Barro’s plan is overall regressive and that is not something that anyone who cares about equity should support. But a regressive tax is not bad as it stands if it is supported by strong spending measures that increase the welfare of the less advantaged workers and do not provide corporate welfare.
I will write a more detailed blog about that issue some time in the future because it is an area where I think progressive economists miss the point.
Conclusion
The evidence mounts – day by day – that the mainstream economic position is deeply flawed and incapable of resolving the economic disaster that its application caused.
People generally, however, seem incapable of understanding that. The Tea Party in the US is destroying the lives of the very people that support it and give it air. It is an amazing conflict.
That is enough for today!
The day after the debt fraud was done, I turned on CNBC and James Cramer was explaining how things were going to improve now that the debt deal was done and people could turn their attention back to business. I looked above his head and noticed that the 30 year had fallen from 4.08 to 4.04 that morning. I closed my eyes and clicked my heals three times and said, “There’s no place like home.” I opened my eyes, Cramer was still eulogizing the deal, and the sticker said 4.03. That gives new meaning to Cramer bull.

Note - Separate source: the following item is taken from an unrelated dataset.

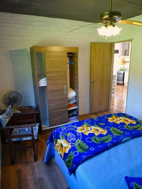 El dormitorio principal con ventilador de techo,el otro dormitorio con ventilador de mesa.

We’re not in Kansas anymore Toto. It closed yesterday 3.9.
“I know some will say but German yields are also rising and they are hardly sovereign in their own currency.”
Eh? The German 10yr is down to 2.42% and moving in lockstep with the US and UK. I would say this is evidence that the Euro is effectively a German currency that some other countries happen to use.
Dear Max (at 2011/08/04 at 20:11)
Sorry – I was rushing and I meant to type FALLING (I have now edited the post accordingly). The meaning of my next sentence could only be sensible in the context of falling yields.
But thanks for the vigilance.
best wishes
bill
Hey Bill,
What do you make of the increasing money supply in the US?
http://www.telegraph.co.uk/finance/comment/ambroseevans_pritchard/8673577/America-is-merely-wounded-Europe-risks-death.html
My guess is that it’s a rush into money during the debt ceiling debate. What do you think?
Phil
Still waiting for the private sector to impart stimulus. What, with all that cash and all…..
Unfortunately the neo liberals will say this is evidence of what raising the debt ceiling has done. I could call it now.
Re: The safest place to be when the economy heads south is in cash or government bonds.
You don’t think gold is safe? It seems to be heading straight up, and a bunch of countries are buying a lot of it…
@Steven
Gold unlike government bonds does not pay you interest, therefore it is purely speculative asset. It is not about rise in price but rather about how much money you can extract to live on. For example, pension funds are biggest buyers of government bonds as they provide them with a clear projection of the future and guaranteed income of 3-4.5% for life.
How much of the failure of the recovery to gain traction is caused by the offshoring of (formerly) developed world jobs? It seems to me we are on a path of decline as a result of our weak job base. Under those circumstances, why not impose tariffs and force industry to relocate domestically?
“For example, pension funds are biggest buyers of government bonds as they provide them with a clear projection of the future and guaranteed income of 3-4.5% for life.”
Which of course is pretty much the same as the government paying the pension in the first place – not that you’ll ever hear the middlemen kept in jobs by pension tax relief (ie more government money) pointing that out of course.
@Neil Wilson
Fully agree but it has rather to do with the ideology than the economy. However, to be honest, I see much more understanding than it used to be 2 years ago than I encountered MMT, for a first time. I think there is hope.